ASSIGNMENT: Repeat every record exactly, omitting the pictures.

#####

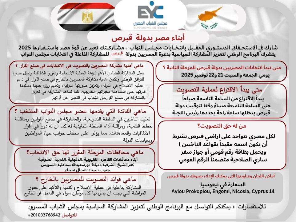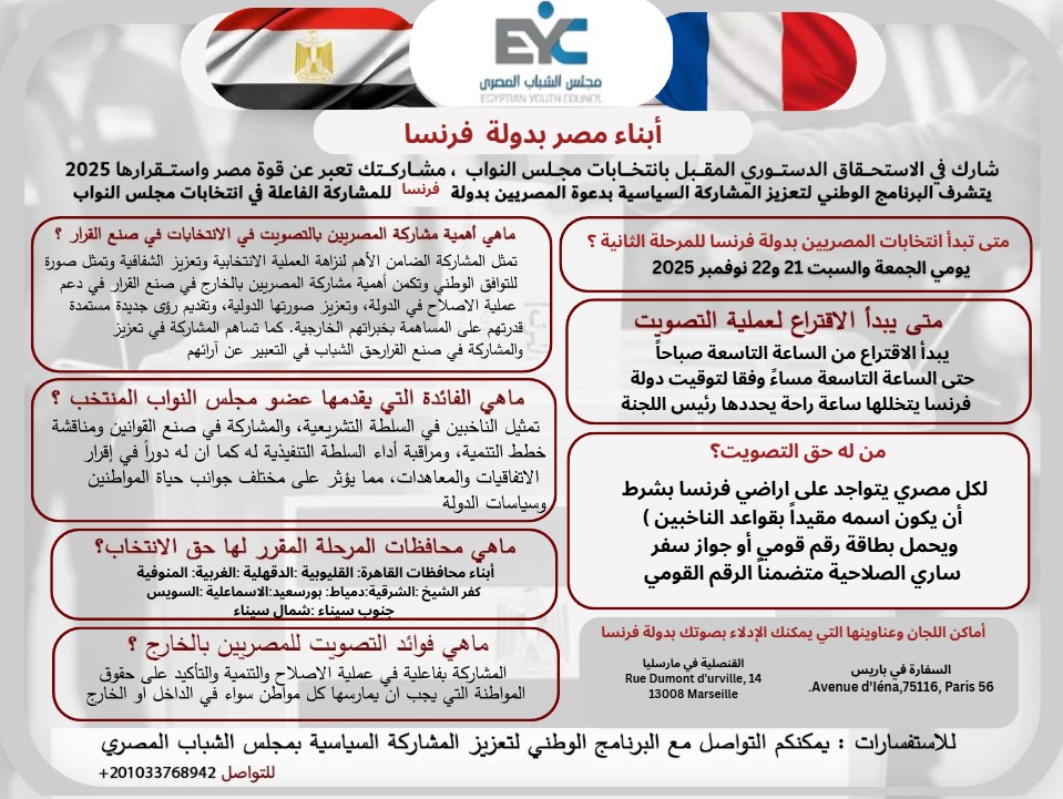 يواصل البرنامج الوطني لتعزيز المشاركة السياسية بالشراكة مع برنامج تعزيز مشاركة المصريين بالخارج في الشأن العام جهودهما التوعوية لدعم مشاركة المصريين بالخارج في المرحلة الثانية من انتخابات مجلس النواب 2025، وذلك بعد النجاح الملحوظ الذي حققته المبادرة خلال المرحلة الأولى، والتي شهدت تفاعلًا واسعًا من أبناء الجاليات المصرية في الخارج.
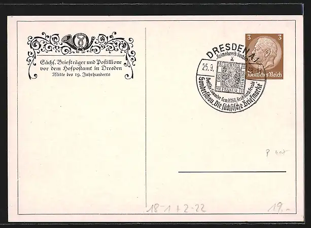 Künstler-AK Dresden, Sächs. Briefträger und Postillione vor dem Hofpostamt Mitte des 19. Jahrhunderts, Ganzsache
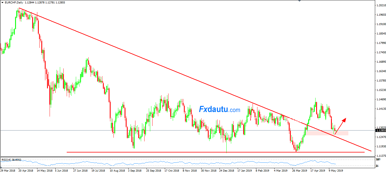 Với việc Breakout Down Trendline dài hạn hơn 1 năm qua từ tháng 04/2018 vào giữa tháng 4 vừa qua, tỷ giá EUR/CHF đã có giai đoạn Pullback đến nay.
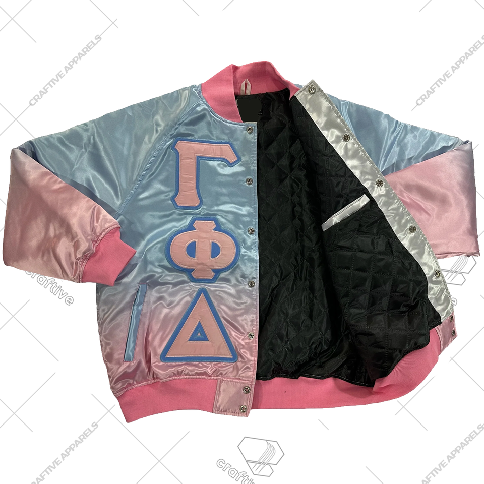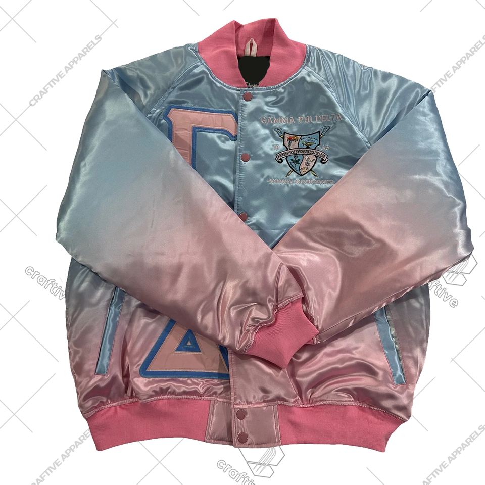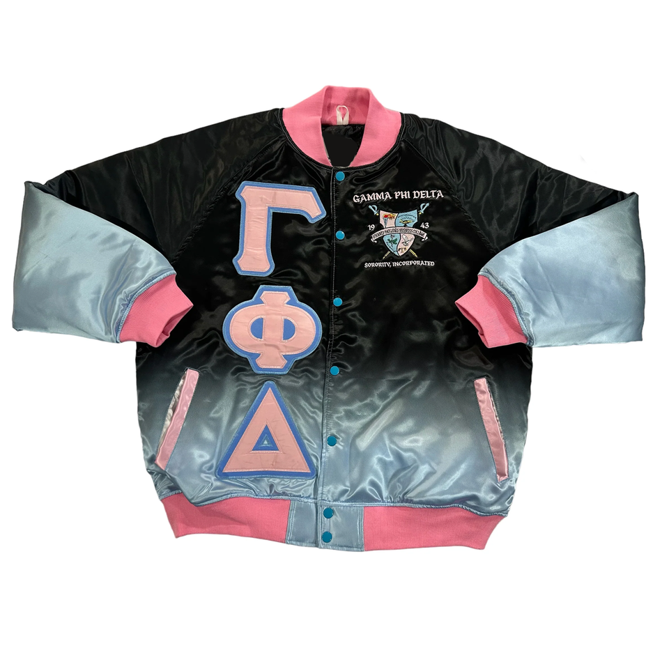 Gamma Phi Delta Sorority Shiny Ombre Satin Chaqueta
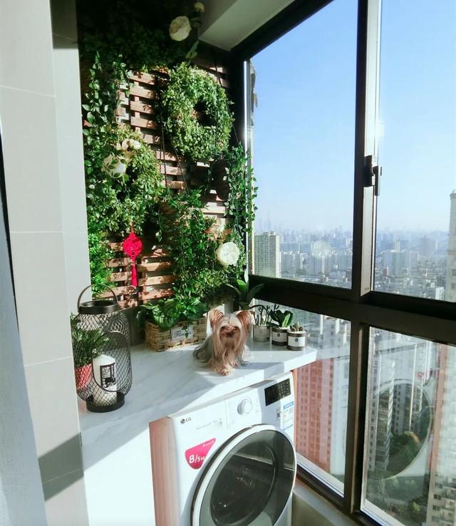 阳台不大,但胜在视野开阔,能看清陆家嘴三件套。屋主把其中一面墙打上了木栅栏,然后配上仿真绿植,因为自己不太擅长种真绿植。角落里塞下洗衣机,方便晾晒。
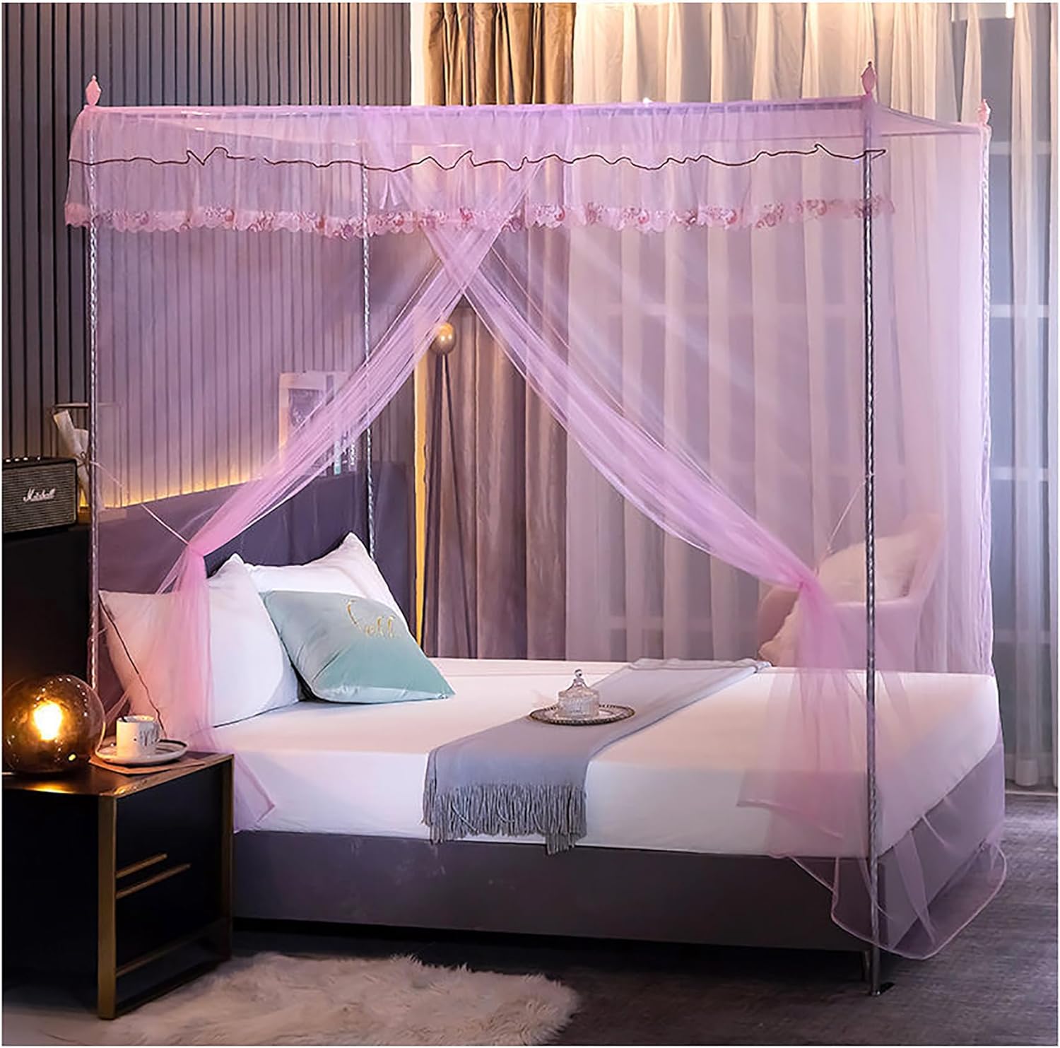 ステンレス鋼天蓋ベッドフレームポスト 4 コーナー天蓋ベッドフレームポストポールカーテン蚊帳フレーム寝室の装飾 ピンク Twin
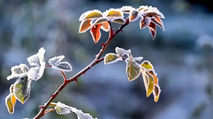 winter nature picture closeup frozen leaves

#####

FINAL ANSWER:
 يواصل البرنامج الوطني لتعزيز المشاركة السياسية بالشراكة مع برنامج تعزيز مشاركة المصريين بالخارج في الشأن العام جهودهما التوعوية لدعم مشاركة المصريين بالخارج في المرحلة الثانية من انتخابات مجلس النواب 2025، وذلك بعد النجاح الملحوظ الذي حققته المبادرة خلال المرحلة الأولى، والتي شهدت تفاعلًا واسعًا من أبناء الجاليات المصرية في الخارج.
 Künstler-AK Dresden, Sächs. Briefträger und Postillione vor dem Hofpostamt Mitte des 19. Jahrhunderts, Ganzsache
 Với việc Breakout Down Trendline dài hạn hơn 1 năm qua từ tháng 04/2018 vào giữa tháng 4 vừa qua, tỷ giá EUR/CHF đã có giai đoạn Pullback đến nay.
 Gamma Phi Delta Sorority Shiny Ombre Satin Chaqueta
 阳台不大,但胜在视野开阔,能看清陆家嘴三件套。屋主把其中一面墙打上了木栅栏,然后配上仿真绿植,因为自己不太擅长种真绿植。角落里塞下洗衣机,方便晾晒。
 ステンレス鋼天蓋ベッドフレームポスト 4 コーナー天蓋ベッドフレームポストポールカーテン蚊帳フレーム寝室の装飾 ピンク Twin
 winter nature picture closeup frozen leaves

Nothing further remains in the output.